Building a Voice-Controlled Local AI Agent with Whisper, Groq & Streamlit
For my Mem0 AI/ML internship assignment, I built a fully working voice-controlled
AI agent that accepts audio input, classifies intent, executes local tools, and
displays everything in a clean UI. Here's how I built it and what I learned.
What It Does
You speak (or type) a command → the agent transcribes it → classifies your intent
→ executes the right action → shows the result.
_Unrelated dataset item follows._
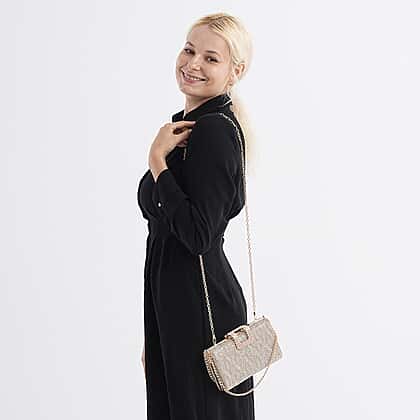 CLOSEOUT DEAL - Crystal Embellished Evening Clutch Bag with Metallic Chain Strap - Gold

All in one pipeline.
Supported intents:
- create_file — creates a new file in the output/ folder
- write_code — generates code using LLM and saves it
- summarize — summarizes provided text
- general_chat — conversational Q&A
- compound — multiple commands in one utterance
Architecture
Audio Input → STT (Whisper/Groq) → Intent Classification (LLM) → Tool Execution → Streamlit UI
Tech Stack
| Component | Tool |
|---|---|
| Speech-to-Text | Groq Whisper API |
| Intent + Generation | Groq (llama-3.3-70b) |
| UI | Streamlit |
| Language | Python |
Model Choices & Why
STT — Groq Whisper API: I chose Groq over local HuggingFace Whisper because
my machine doesn't have a GPU. Groq processes audio in under 1 second using
whisper-large-v3 on their free tier. The code supports local Whisper as well
via HuggingFace transformers as a fallback.
LLM — Groq (llama-3.3-70b): For intent classification, I needed structured
JSON output reliably. Groq's API with response_format: json_object gave
consistent results. The system prompt instructs the model to return intent,
filename, language, and sub_tasks for compound commands.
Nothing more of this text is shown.